Saw a dead body on the way to the casino. I think that's a good sign.
can you buy anything in the cafeteria for less than $2? I spent the last of my laundry money on a chia pet
Well ya in hindsight obviously offering the cop a jello shot was a bad idea
just joined the mile high club. if this plane crashes because of this text, it was worth.
he said 'i love fucking you, ashley'. it was the most romantic thing he's said during sex because he actually used my name.
laying naked on couch sucking water through straw. i can still feel the orgasm from last night. thank you mdma.

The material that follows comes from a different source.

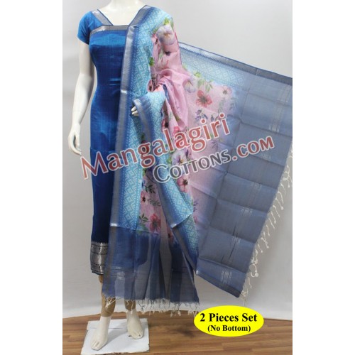 Mangalagiri Handloom Semi Pattu Top with Silver Zari Border and Semi Pattu Digital Print Dupatta. Unstitched 2 Pieces Set.
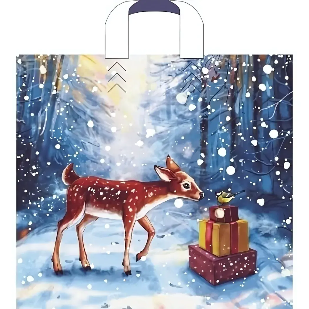Создайте атмосферу праздника с нашим пакетом ПЭ с петлевой ручкой. Этот стильный и практичный пакет идеально подходит для упаковки новогодних подарков, добавляя нотку волшебства в каждый момент. Яркий дизайн с оленем и подарками на фоне зимнего пейзажа создаст настроение и порадует ваших близких.

Woke up with his dick on the side of my face, it's like he passed out mid-mushroom stamp.
Whenever I think to myself, "I don't work for a bunch of hours"... It's shot time?
DOMA is dead. I'm definitely going to be the last of our friends to get married now.
I should rephrase... I'm trying to not sit on other peoples faces besides my boyfriends.
I stood in my living room with two beers in my hand asking these said beers if they were going to drink each other. I then insisted that I would drink them and chugged both. Happy Halloween.
I'm gonna have to get a lube sherpa.
Well, he kept asking me if I was going to murder him once we got upstairs. It sort of killed the mood.
you tried to make the parrot smoke your joint
The only thing I remember about us having sex is yelling at him to choke me.